Celebrity Greyhound Owners

As we said in the beginning, back in the day, only nobility were allowed to have Greyhounds. They have captivated the hearts of some iconic people like Christopher Columbus, General George Custer, Cleopatra, and more. At least four US Presidents have owned a Greyhound, including George Washington, John Tyler, Woodrow Wilson, and Rutherford B. Hayes.

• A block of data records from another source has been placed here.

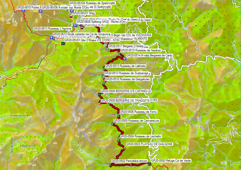Note: Due to the fact that I had lost a day on day 3 by staying overnight at I PEDINIEDDI (GR20-0302), I had to catch up a day again to reach Calenzana on foot in time. In that case it is easier to use the Tra Mare e Monti trail for those walking in the south to north direction, due to the fact that you can reach Calenzana in one day compared with the one and a half to two days needed over the GR 20. Hence the following description: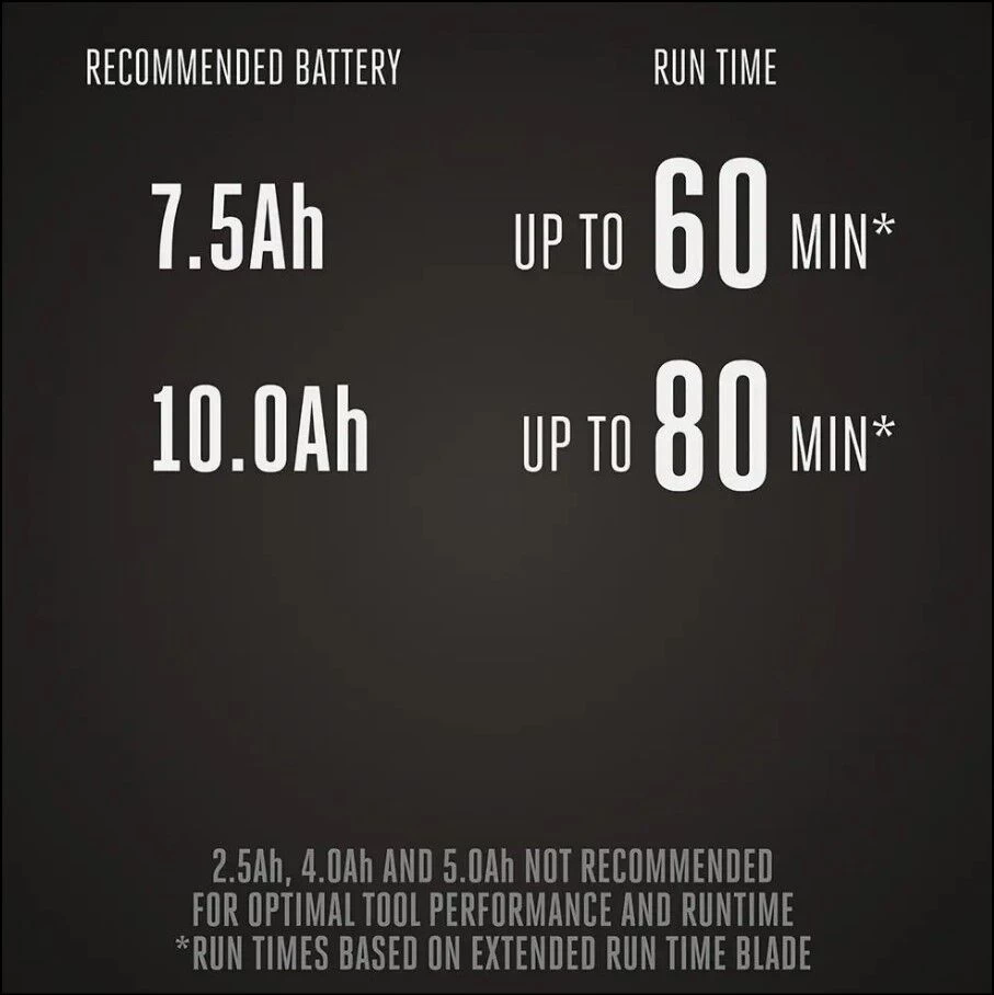 - Up to 60 minutes of runtime on a single charge with the recommended 56V 7.5Ah ARC Lithium™ battery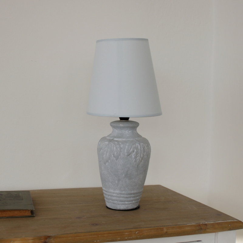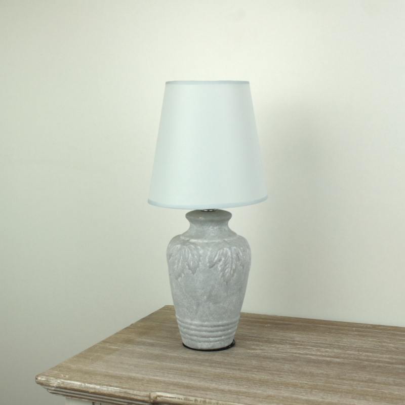 Originální lampa s bílým stínidlem je usazena na podstavci s motivem lístků. Podstavec je doplněn o moderní patinu, která dodává lampě ten správný šmrnc.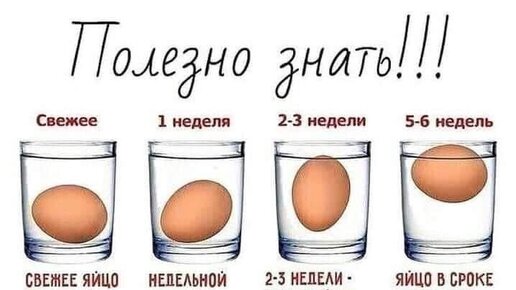 Проверка свежести яиц в воде • лежит на дне на боку – свежайшее, недавно снесенное; • под углом: острый носик на дне, тупой всплыл – яйцо недельной давности; • стоит посередине стакана тупым кончиком вверх – яйцу две-три недели; • плавает на поверхности – тухлое...

  • George Washington, the 1st President of the United States, named his dog Cornwallis, after General Cornwallis, one of the top generals during the American Revolutionary War
  • Some mythical and historic characters that are mentioned to have owned a Greyhound include Cleopatra, Odysseus, Pharaoh Amenhotep II, Pharaoh Tutankhamen, Queen Hatshepsut, Alexander the Great, King Canute, Elizabeth I, Louis XV of France, Prince Albert, and more
  • Prince Philip owned the winner of the 1968 Greyhound Derby
  • Al Capone, the famous American gangster, also owned a Greyhound
  • Some of the celebrity sports figures owners include Babe Ruth, Gale Sayers, Gary Dornhoefer, Jack Dempsey, LaTroy Hawkins, Steve Stone, Tony Stewart, and more
  • Actors and musicians who have owned a Greyhound include Betty White, Billy the Kid, Bo Derek, Brad Pitt, Cesar Milan, Charlie Watts, Charlotte Cornwell, Frank Sinatra, Jackie Gleason, Jeanette Walls, J.K. Rowling, John Barrymore, Matt Groening, Maxine Feldman, Tea Leoni, and more

The Greyhound Bus Company

When we talk about the popularity and celebrity status of Greyhounds, we also have to mention the Greyhound Bus Company. Selling affordable bus tickets across the United States and Canada, the company decided to rebrand in 1957.

For that purpose, they wanted to use a real Greyhound as its mascot. They chose a three-month-old puppy, dubbed Lady Greyhound. She wore a rhinestone collar and tiara and made her first appearance in a commercial airing on the Steve Allen Show.